### REQUIRED ACTION
Would you output the listing exactly, with every image omitted?

*** DATA SHOWN ***

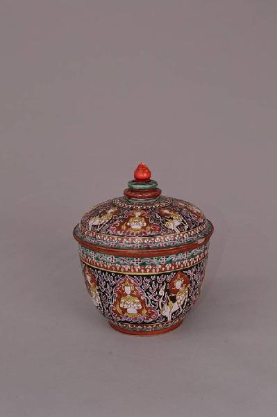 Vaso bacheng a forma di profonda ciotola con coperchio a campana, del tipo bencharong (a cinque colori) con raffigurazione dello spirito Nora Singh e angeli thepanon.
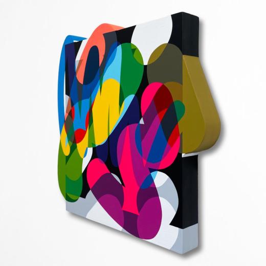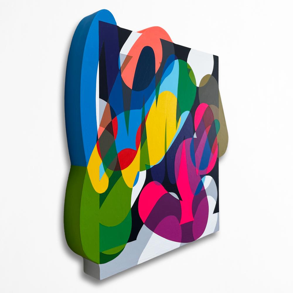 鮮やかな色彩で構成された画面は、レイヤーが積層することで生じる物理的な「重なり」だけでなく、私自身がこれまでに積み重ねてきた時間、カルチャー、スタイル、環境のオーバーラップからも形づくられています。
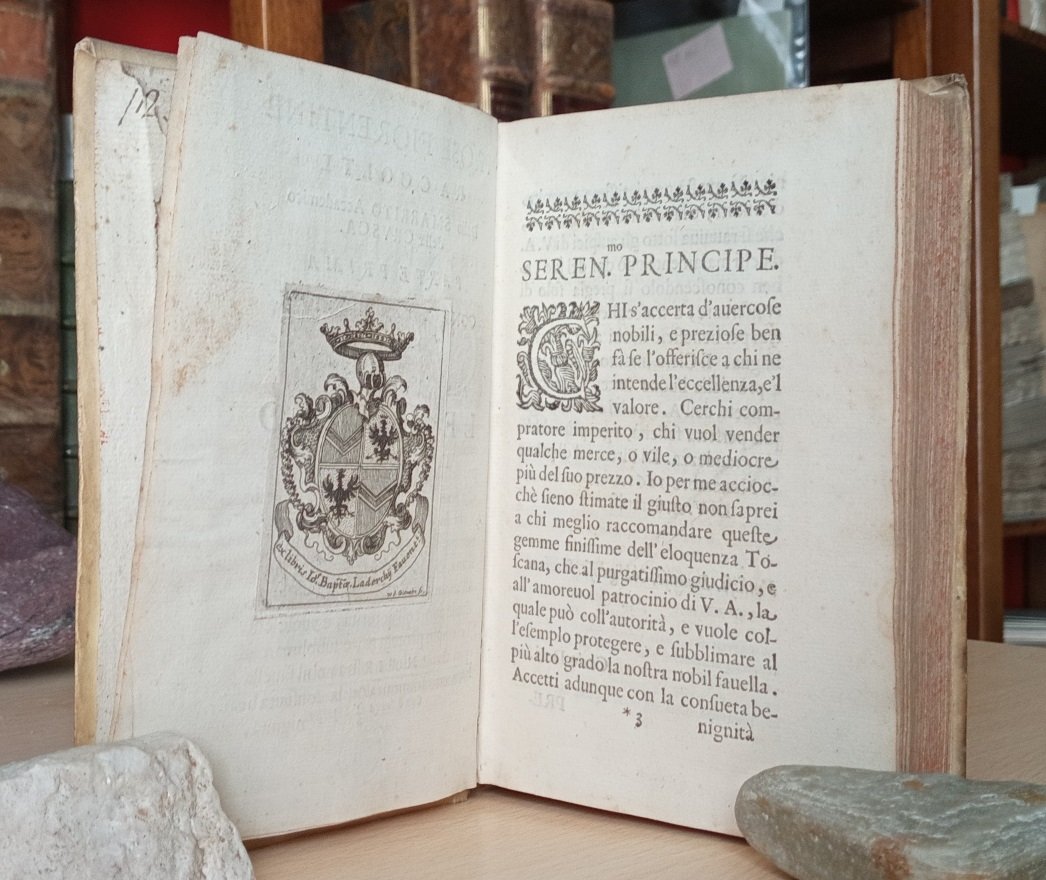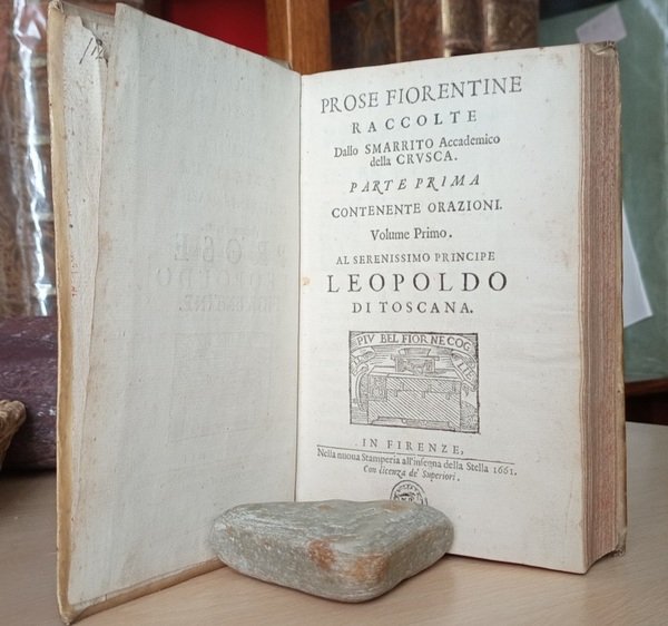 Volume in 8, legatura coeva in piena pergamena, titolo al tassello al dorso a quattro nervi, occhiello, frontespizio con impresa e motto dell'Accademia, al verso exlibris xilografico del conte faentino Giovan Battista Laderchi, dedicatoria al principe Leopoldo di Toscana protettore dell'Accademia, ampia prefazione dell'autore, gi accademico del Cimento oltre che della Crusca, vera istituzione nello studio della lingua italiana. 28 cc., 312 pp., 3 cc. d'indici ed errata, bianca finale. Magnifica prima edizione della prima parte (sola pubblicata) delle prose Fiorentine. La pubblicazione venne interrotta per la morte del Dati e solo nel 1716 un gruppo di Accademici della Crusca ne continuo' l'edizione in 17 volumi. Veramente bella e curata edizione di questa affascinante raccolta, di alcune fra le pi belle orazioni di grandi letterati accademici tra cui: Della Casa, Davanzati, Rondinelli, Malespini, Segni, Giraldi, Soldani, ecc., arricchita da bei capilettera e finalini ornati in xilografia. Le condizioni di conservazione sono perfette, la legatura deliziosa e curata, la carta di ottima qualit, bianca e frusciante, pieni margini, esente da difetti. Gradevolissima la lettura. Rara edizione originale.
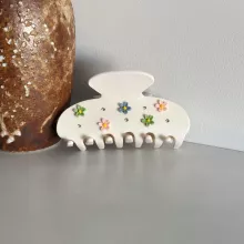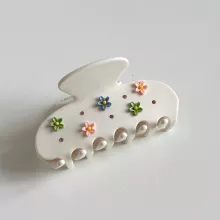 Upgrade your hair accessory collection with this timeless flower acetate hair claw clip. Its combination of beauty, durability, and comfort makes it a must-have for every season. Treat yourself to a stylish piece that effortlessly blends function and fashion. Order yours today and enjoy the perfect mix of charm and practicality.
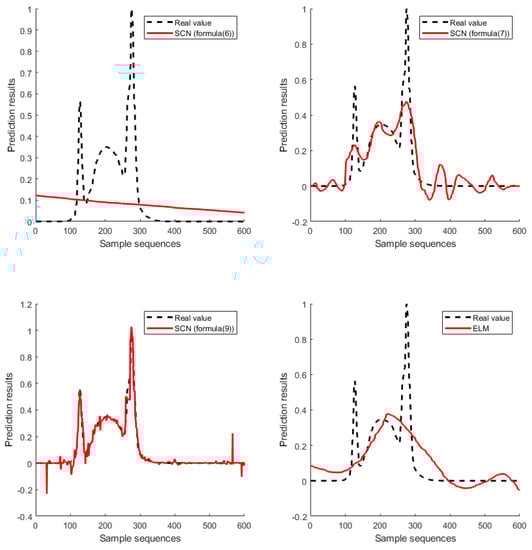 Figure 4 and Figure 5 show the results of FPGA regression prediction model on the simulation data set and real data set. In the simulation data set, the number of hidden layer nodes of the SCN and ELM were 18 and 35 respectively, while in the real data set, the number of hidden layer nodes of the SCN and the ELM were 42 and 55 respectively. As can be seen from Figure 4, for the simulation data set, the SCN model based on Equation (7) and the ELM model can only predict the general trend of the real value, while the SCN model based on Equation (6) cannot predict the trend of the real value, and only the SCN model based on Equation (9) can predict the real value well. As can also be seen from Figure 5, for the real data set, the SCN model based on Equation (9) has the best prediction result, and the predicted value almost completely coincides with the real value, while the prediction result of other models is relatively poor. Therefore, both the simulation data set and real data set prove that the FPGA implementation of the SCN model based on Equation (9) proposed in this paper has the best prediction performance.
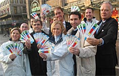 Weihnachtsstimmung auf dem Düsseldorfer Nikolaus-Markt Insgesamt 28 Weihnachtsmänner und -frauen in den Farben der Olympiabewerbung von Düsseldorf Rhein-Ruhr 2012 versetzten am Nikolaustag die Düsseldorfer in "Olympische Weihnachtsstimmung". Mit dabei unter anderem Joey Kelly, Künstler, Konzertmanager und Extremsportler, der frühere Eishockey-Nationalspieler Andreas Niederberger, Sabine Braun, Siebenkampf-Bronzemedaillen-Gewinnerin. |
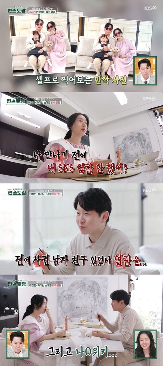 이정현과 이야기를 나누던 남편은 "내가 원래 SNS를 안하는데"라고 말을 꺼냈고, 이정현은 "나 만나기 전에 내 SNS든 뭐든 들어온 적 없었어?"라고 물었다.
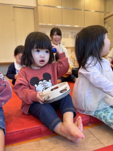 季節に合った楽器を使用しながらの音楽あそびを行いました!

*** End of DATA SHOWN ***

### SOLVED EXERCISE
 Vaso bacheng a forma di profonda ciotola con coperchio a campana, del tipo bencharong (a cinque colori) con raffigurazione dello spirito Nora Singh e angeli thepanon.
 鮮やかな色彩で構成された画面は、レイヤーが積層することで生じる物理的な「重なり」だけでなく、私自身がこれまでに積み重ねてきた時間、カルチャー、スタイル、環境のオーバーラップからも形づくられています。
 Volume in 8, legatura coeva in piena pergamena, titolo al tassello al dorso a quattro nervi, occhiello, frontespizio con impresa e motto dell'Accademia, al verso exlibris xilografico del conte faentino Giovan Battista Laderchi, dedicatoria al principe Leopoldo di Toscana protettore dell'Accademia, ampia prefazione dell'autore, gi accademico del Cimento oltre che della Crusca, vera istituzione nello studio della lingua italiana. 28 cc., 312 pp., 3 cc. d'indici ed errata, bianca finale. Magnifica prima edizione della prima parte (sola pubblicata) delle prose Fiorentine. La pubblicazione venne interrotta per la morte del Dati e solo nel 1716 un gruppo di Accademici della Crusca ne continuo' l'edizione in 17 volumi. Veramente bella e curata edizione di questa affascinante raccolta, di alcune fra le pi belle orazioni di grandi letterati accademici tra cui: Della Casa, Davanzati, Rondinelli, Malespini, Segni, Giraldi, Soldani, ecc., arricchita da bei capilettera e finalini ornati in xilografia. Le condizioni di conservazione sono perfette, la legatura deliziosa e curata, la carta di ottima qualit, bianca e frusciante, pieni margini, esente da difetti. Gradevolissima la lettura. Rara edizione originale.
 Upgrade your hair accessory collection with this timeless flower acetate hair claw clip. Its combination of beauty, durability, and comfort makes it a must-have for every season. Treat yourself to a stylish piece that effortlessly blends function and fashion. Order yours today and enjoy the perfect mix of charm and practicality.
 Figure 4 and Figure 5 show the results of FPGA regression prediction model on the simulation data set and real data set. In the simulation data set, the number of hidden layer nodes of the SCN and ELM were 18 and 35 respectively, while in the real data set, the number of hidden layer nodes of the SCN and the ELM were 42 and 55 respectively. As can be seen from Figure 4, for the simulation data set, the SCN model based on Equation (7) and the ELM model can only predict the general trend of the real value, while the SCN model based on Equation (6) cannot predict the trend of the real value, and only the SCN model based on Equation (9) can predict the real value well. As can also be seen from Figure 5, for the real data set, the SCN model based on Equation (9) has the best prediction result, and the predicted value almost completely coincides with the real value, while the prediction result of other models is relatively poor. Therefore, both the simulation data set and real data set prove that the FPGA implementation of the SCN model based on Equation (9) proposed in this paper has the best prediction performance.
 Weihnachtsstimmung auf dem Düsseldorfer Nikolaus-Markt Insgesamt 28 Weihnachtsmänner und -frauen in den Farben der Olympiabewerbung von Düsseldorf Rhein-Ruhr 2012 versetzten am Nikolaustag die Düsseldorfer in "Olympische Weihnachtsstimmung". Mit dabei unter anderem Joey Kelly, Künstler, Konzertmanager und Extremsportler, der frühere Eishockey-Nationalspieler Andreas Niederberger, Sabine Braun, Siebenkampf-Bronzemedaillen-Gewinnerin. |
 이정현과 이야기를 나누던 남편은 "내가 원래 SNS를 안하는데"라고 말을 꺼냈고, 이정현은 "나 만나기 전에 내 SNS든 뭐든 들어온 적 없었어?"라고 물었다.
 季節に合った楽器を使用しながらの音楽あそびを行いました!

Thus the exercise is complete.